Повисла долгая, густая мужская тишина.
– Трехразовое питание, аттракционы… им можете вообще ничего не говорить. Главное, чтоб ни под какими предлогами не покидали…
– А если что-то не так пойдет? – спросил Ульянов.
– Мы поймем, почему не так, что не так, но тут "не так" быть не должно. Мы все заинтересованы и гарантированы в этом случае.
– Семью в заложники…
– Если вам так нравится говорить – что ж! Но это реальные гарантии. Деньги большие, так не бывает, чтобы…
– А школа? Они же у меня в школе учатся?
– Заболеют… каникулы еще одни…
Ульянов не представлял, как сказать Татьяне, что ей с ребенком надо ехать куда-то в Подмосковье и быть добровольной заложницей, так сказать, гарантом сделки. Она, конечно, была в курсе всего, что происходило, но не смогла бы и представить такого поворота – они с сыном будут под охраной шарковских головорезов. А произойти может действительно все. Он сам никогда не видел такого количества долларов и не предполагал, даже подробно заглядывая сам в себя, что с ним станет, когда огромные деньги достанутся ему, а что может произойти с другими людьми, которых он даже не знает. Это был аргумент. Может, кто-то захочет избавиться от жены и детей и убежать в новую жизнь одному или с любовницей? Размышляя, Ульянов понимал, что только Шарко ничем не рискует: он – депутат, люди – его, санаторий – его. Все как будто согласились и долго стояли-курили перед рестораном, возле своих машин, покачиваясь, как подпиленные деревья. На следующий день надо было дать ответ, и тогда ему скажут, куда и когда "ехать заселяться".
Федор без больших проблем мог выйти из игры, отступить, но вся проделанная работа с первого разговора на кухне и до конца, плюс огромные деньги доставались другим.
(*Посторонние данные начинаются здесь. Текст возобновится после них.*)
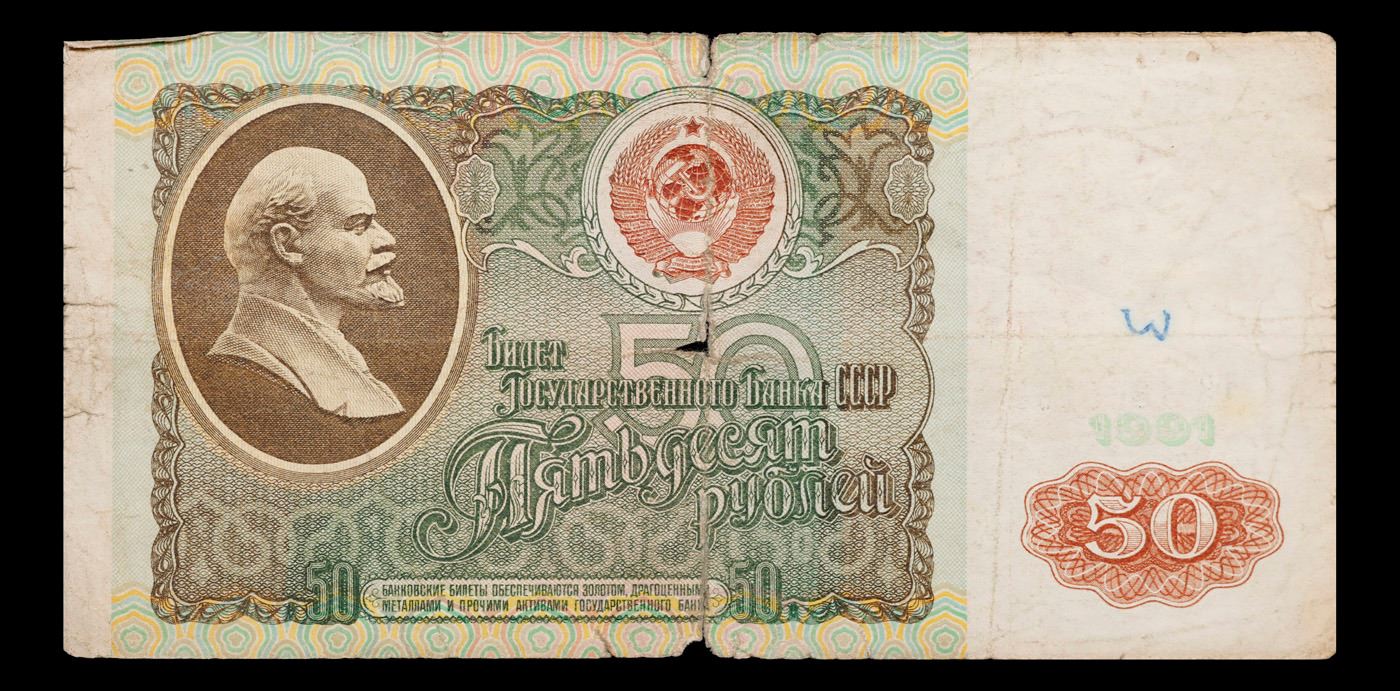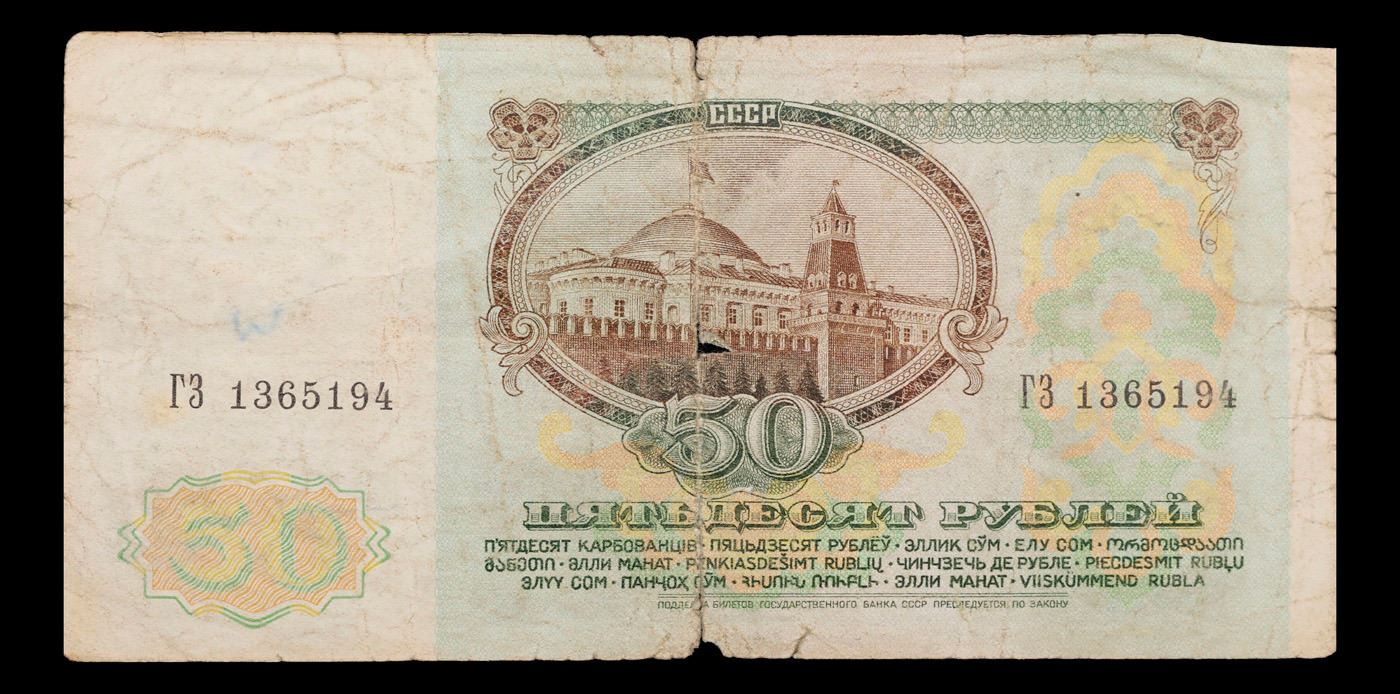 1991 Russia (Soviet Union) 50 Ruble Note Grades vf, very fine. The "Sixth Soviet Ruble" was issued first in 1961, and the designs for both the non-commemorative coins and paper currency of the Soviet Union almost remained identical from 1961 nearly until the fall of the Soviet Union in 1991. Briefly before the Soviet Union fell, there was the monetary reform of 1991 and the release of the Seventh Soviet Ruble, with designs that were fairly similar to the 1961 Rubles. Interestingly, the 500 Ruble note only existed for 2 days before the collapse of the Soviet Union, and the 1000 Soviet Ruble note only came into existence 3 months after the collapse of the Soviet Union. Some Soviet banknotes were printed and remained in use in various ex-Soviet states in 1992-1993, still utilizing the 1991 Soviet designs.

Но самое обидное – он навсегда оставался "бывшим". И нищим, неспособным играть по-крупному. Был большой соблазн ничего не говорить Татьяне, просто что-то придумать, наврать, успокоить, но прямо к горлу подступил комок и возникло четкое ощущение: он на пороге такого жизненного поступка, при котором соврать, обмануть не удастся никому и никогда.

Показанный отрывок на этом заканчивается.